Freeze. Fight. Flight.

I’d frozen.

The gunshots had come closer. Then…

“You left me,” I said slowly. “To save your own ass, you just left me and the man who chased you knocked me into the wall.” Maybe. That part was very fuzzy. After, I’d woken in the truck far away from Ignacio, the warehouse, and the rest of the “cargo.”

Ignacio’s throat bobbed as if he fought to swallow.

“So what happened when you didn’t show up with your prepared cargo?” Just saying the cold, dehumanized words made bile rise in my throat.

One second.

Two.

Three.

Voodoo pressed the button and Ignacio shook so violently the chair went sideways and he slammed into the concrete floor. The stink of burning hair wreathed the whole damn room. Hair, sweat, and now urine. The man had pissed himself.

In some small way, that felt like a victory.

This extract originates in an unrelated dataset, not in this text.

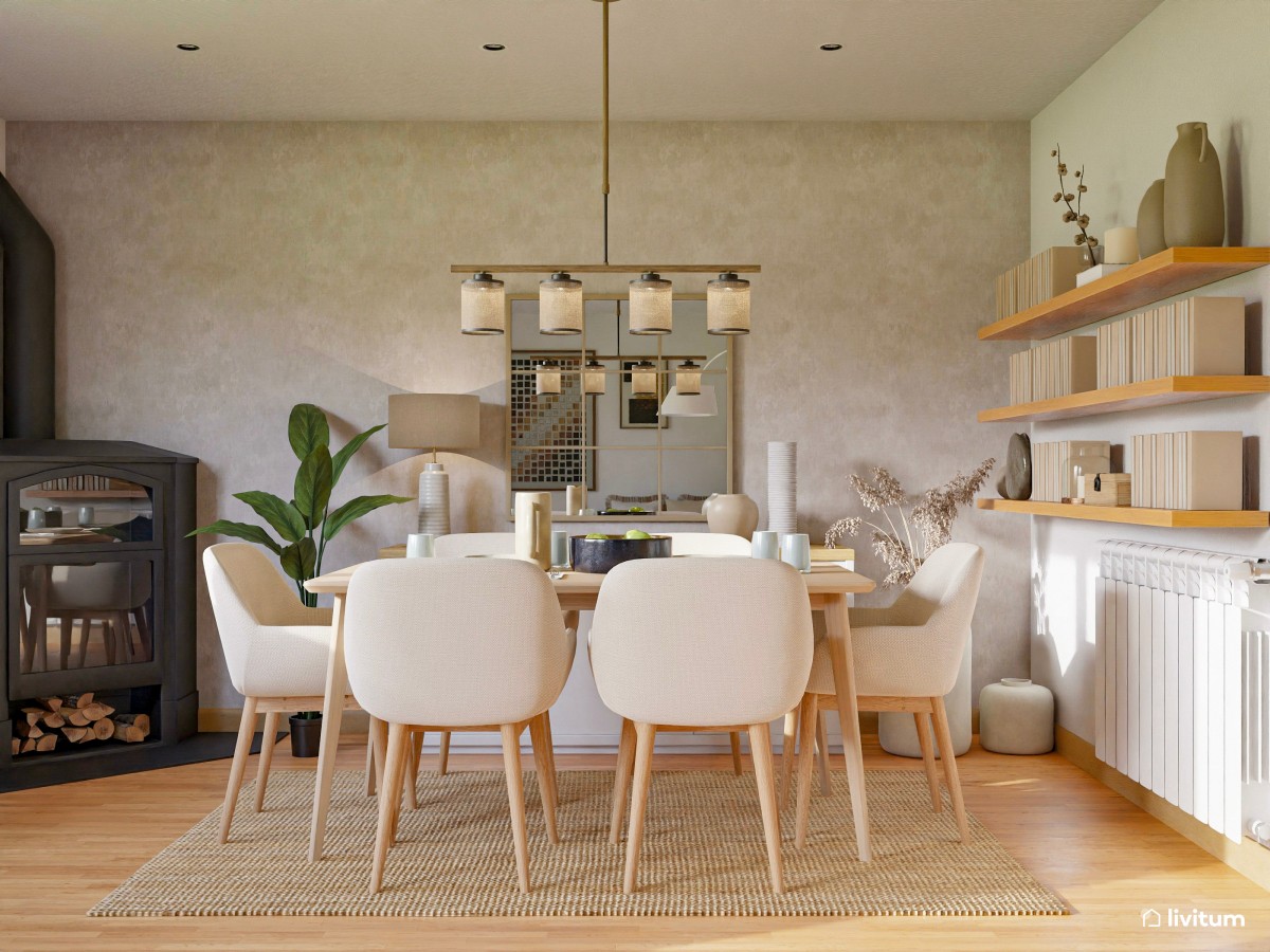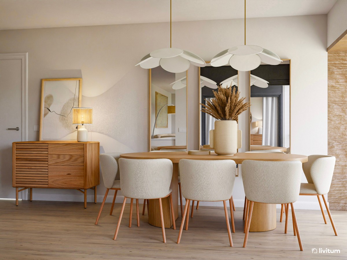 12. A veces, lo más sencillo es lo más efectivo. Como este comedor con la mesa de madera en tono claro, acompañado de unas sillas tapizadas en color crema y con un aparador blanco con el sobre de madera.

He’d made me feel that way. Now he would understand how it felt.

Hollow victory or not, I’d take it.

“Answer her question,” Voodoo ordered, and the coldness in his tone turned the air frosty. “Now.”

Ignacio looked trapped, his chest rising and falling too fast.

Caught between the fear of lying and the terror of telling the truth. It took three more shocks and Ignacio actually sobbing before he said, “I didn’t go!”

“I ran,” he babbled. “They would have killed me. Cargo is valuable. They slaughtered most of my men. Killed them.” His tears weren’t faked nor were his wracking cries. “I stayed away. The ones who came, they were competitors. They came for what was taken from them. There were others hunting for me—Europeans.”

That actually made him look mystified for a moment.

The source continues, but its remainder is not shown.